# Could chiropractic treatment be helpful?



## whatislife (Aug 19, 2019)

Anyone with DPDR have experience with visiting a chiropractor? Did it help with your symptoms? This disorder seems to be related to an overstimulated nervous system and ive read that an adjustment can help treat the nervous system. When I feel into my body there seems to be a nonstop pounding sensation which I'm assuming is related to my nervous system because I don't know what else it could be. I'd like to hear some experiences here with chiros.


----------



## Chip1021 (Mar 24, 2018)

I've seen a chiropractor about my condition. I could feel better during the very moment that he was "doing his thing", but it was just fleeting. Similar to how I feel better when I sneeze. There's a brief moment of "aliveness", but it doesn't last.


----------



## 123456 (Dec 15, 2016)

Not sure if it counts as chiropractic, but I've seen people say their brain fog improved immediately during cervical traction, but I think it reverts back to normal without further treatment. These were people with ME/CFS who were being investigated for spinal issues like CCI/AAI/chiari.
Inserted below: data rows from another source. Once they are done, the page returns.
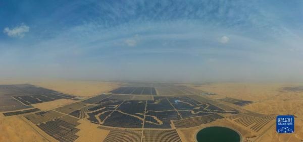 一匹占地130多萬(wàn)平方米的沙漠“駿馬”橫臥在內(nèi)蒙古自治區(qū)庫(kù)布其沙漠之中,這是位于達(dá)拉特光伏發(fā)電應(yīng)用領(lǐng)跑基地中、由近20萬(wàn)塊光伏板組成的“駿馬電站”。該電站采用“林光互補(bǔ)”模式,板上發(fā)電、板下種植,在開(kāi)發(fā)利用庫(kù)布其沙漠豐富太陽(yáng)能資源的同時(shí),推動(dòng)沙漠生態(tài)治理。
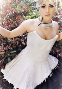 Réalisée par la styliste Annette Carey , cette robe pour le moins originale se pare de 1200 stylos à bille Bic Cristal transparents et de 2000 cristaux de la marque Swarovski.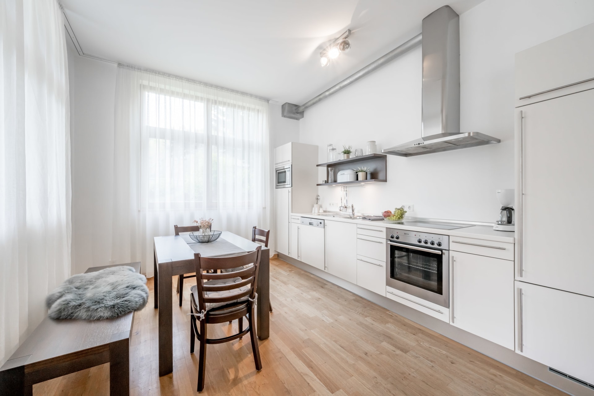 • Offen zur voll ausgestatteten Küche mit Sitz-Essecke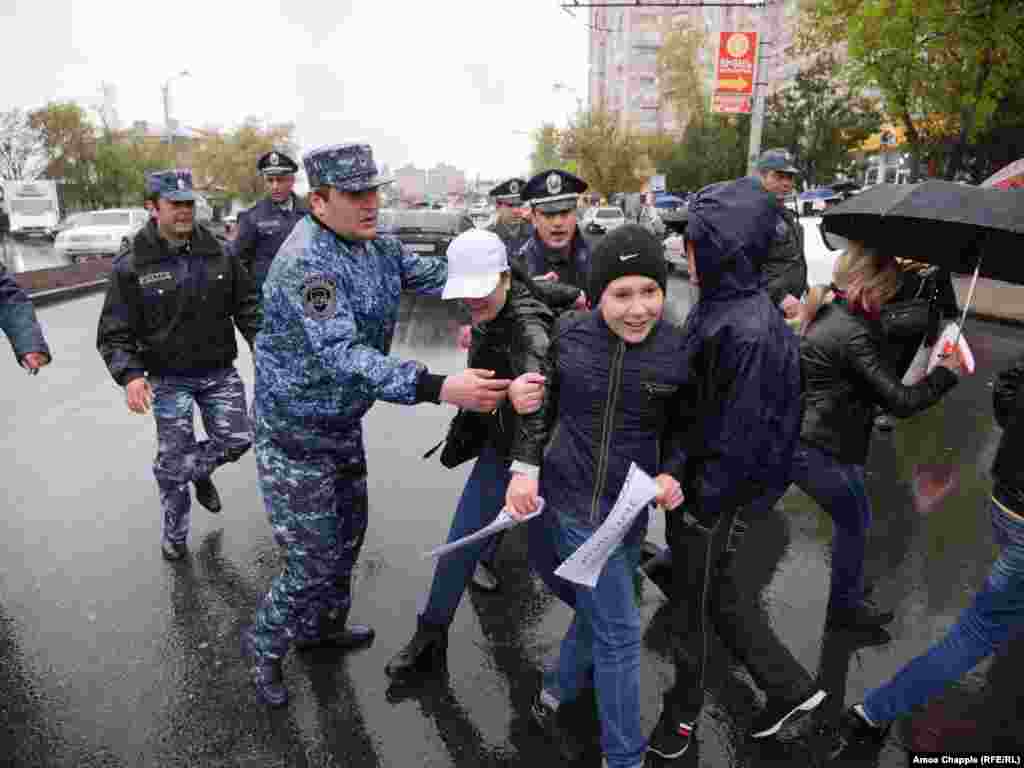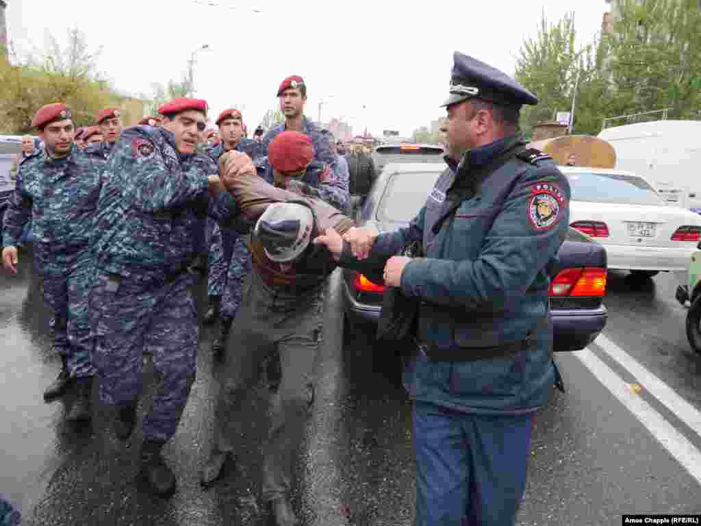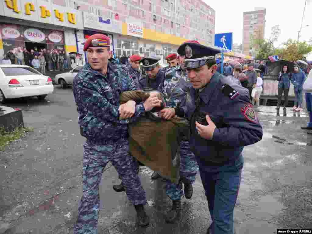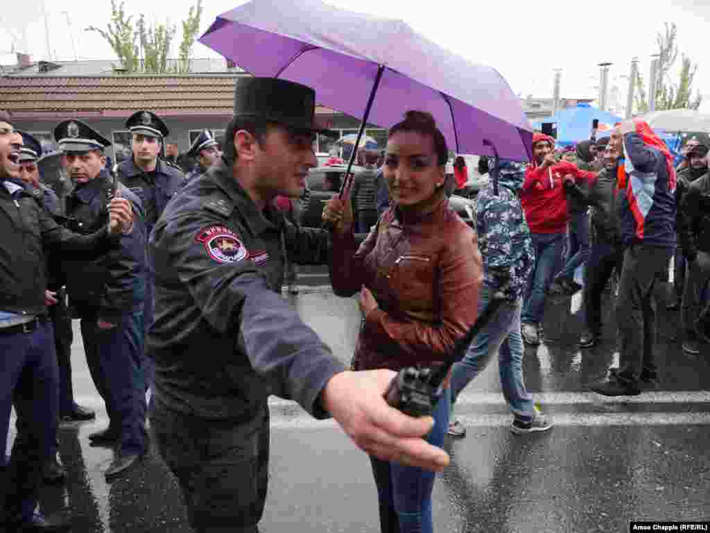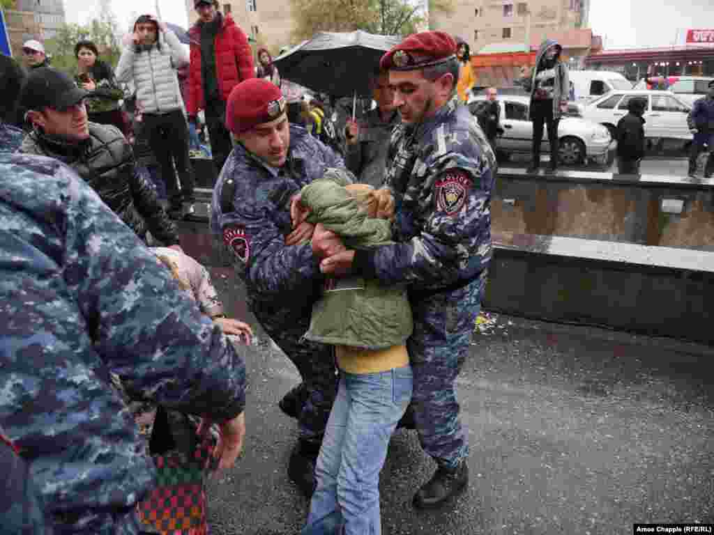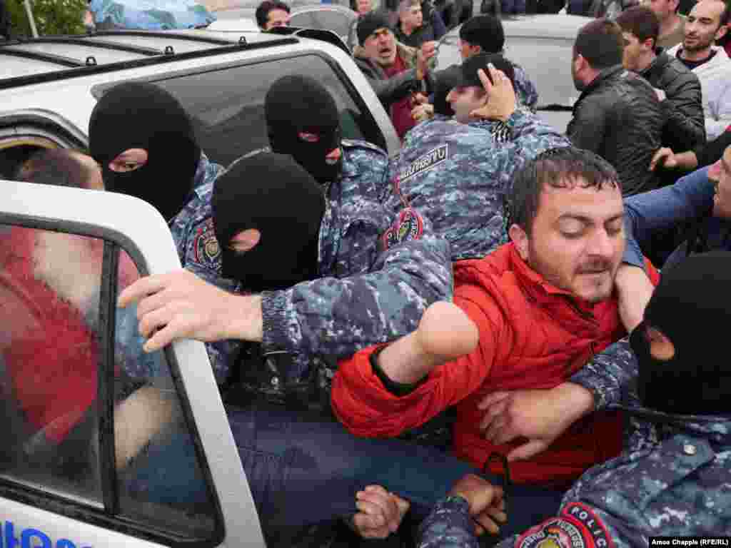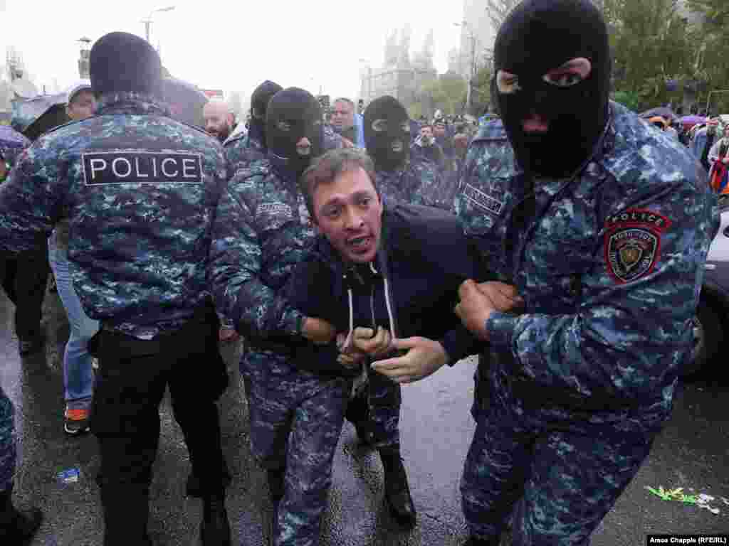 On the ninth day of demonstrations in Yerevan on April 21, Armenian protesters confronted police and police detained more protesters in a cold and rainy capital. The demonstrators oppose a restructuring of the country’s governing system that has enabled Serzh Sarkisian -- the newly appointed prime minister -- to stay in power after his 10-year stint as president ended two weeks ago.

It would be interesting to see if there is any crossover with DP/DR sufferers, but the testing is expensive and I'm not sure how to find a physiotherapist familiar with these sorts of issues.


----------



## tedstriker1 (Dec 12, 2017)

I'm about to Google, but I just wondered if you knew anything more about DPDR being a reaction to an overactive nervous system, it sounds interesting.


----------



## forestx5 (Aug 29, 2008)

I saw a chiropractor for my symptoms. He helped quite a bit. I do have dp/dr, but I also have occasional ower back pain and weakness. Spinal manipulation has no effect on my dp/dr.
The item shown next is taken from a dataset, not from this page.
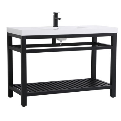 Create an accountIn true minimalistic spirit, this shines with pared-down elegance. Bold clean lines build up the metal vanity, creating a modern simplicity that adds visual liveliness and complements any bathroom or powder room. The bottom shelf lets you put away any extra towels or bathroom essentials, and its shining white under-mount sink creates contrast against the finish. Its bold graphic style will create a contemporary style in your home.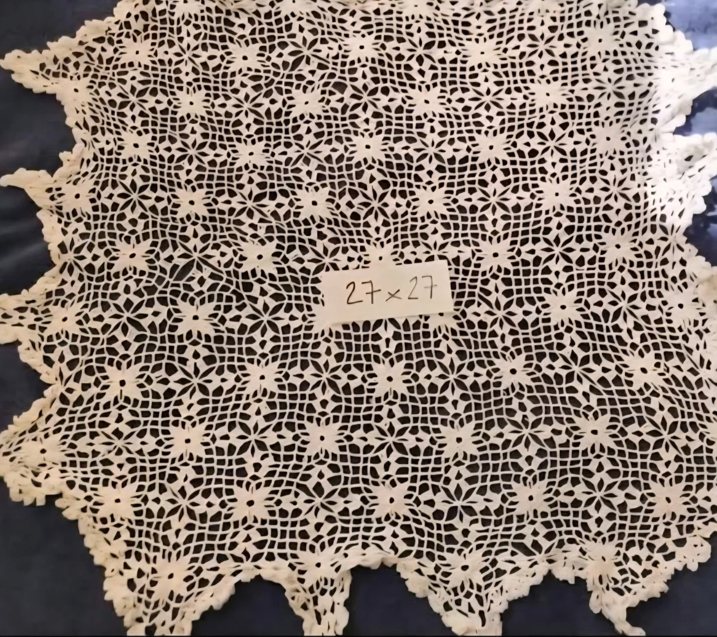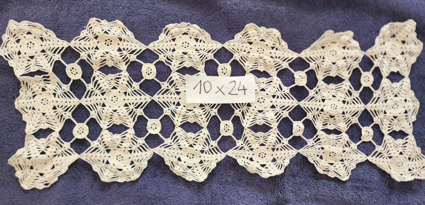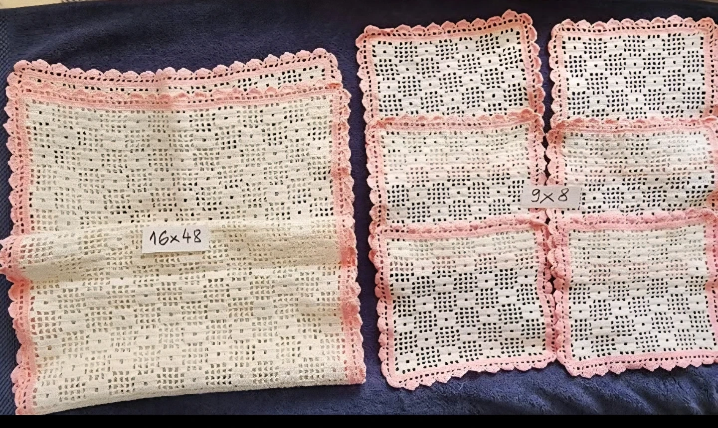 Beautiful set of handmade doilies and a table runner. Includes one 17" round doily, one 27"x27" doily, one 10"x24" runner, one 16"x48" embroidered runner, and a set of six 9"x8" placemats. Adds a delicate touch to any home decor!

It does help with the lower back issues.


----------



## Layne (Jul 12, 2019)

Chiropractic is not quackery. Some chiropractors are not very good, a few even dangerous. But the same can be said for most other doctors. Many people have been enormously helped by chiropractic, including myself. To see Wikipedia basically spout the 50-year+ old AMA line about Chiropractic being pseudoscience is almost beyond belief.
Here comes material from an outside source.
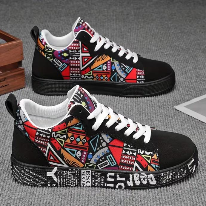 MAINALUN Muške niske tenisice - Lagane tenisice s udobnim PVC potplatom, vezicama, tenisice za teretanu, skateboarding i trčanje tijekom cijele godine - Crvena/Crna/Bijela kombinacija boja - Prozračna tkanina i sintetički gornji dio za svakodnevno i formalno nošenje - Urbana ulična obuća, tenisice za teretanu, geometrijski uzorak, udoban kroj, svestrane tenisice, aktivan stil života, sportski dizajn, izdržljiva konstrukcija, tenisice za performanse, fitness entuzijasti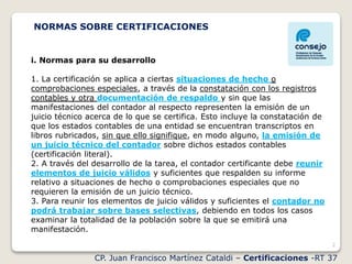 El documento presenta normas sobre certificaciones contables según la Resolución Técnica 37 de la Federación Argentina de Consejos Profesionales de Ciencias Económicas. Se definen las normas para el desarrollo de certificaciones, incluyendo que no requieren emitir un juicio técnico sino constatar hechos con documentación de respaldo. También se establecen normas sobre el contenido de las certificaciones, como el título, destinatario, alcance, información certificada y manifestación del contador.

Talk to people who've gone to chiripractors. Ask which ones are good. I would recommend a person go to one whose approach is upper cervical, or utilizes some other gentle techniques. Upper cervical chiropractic changed my life, and vastly improved my mood and disposition. I would highly recommend people at least look into it to see whether it might be helpful.


----------



## Chip1021 (Mar 24, 2018)

There is a difference between symptoms and diseases, and I think that is where a lot of this debate about what is "quackery" is really about.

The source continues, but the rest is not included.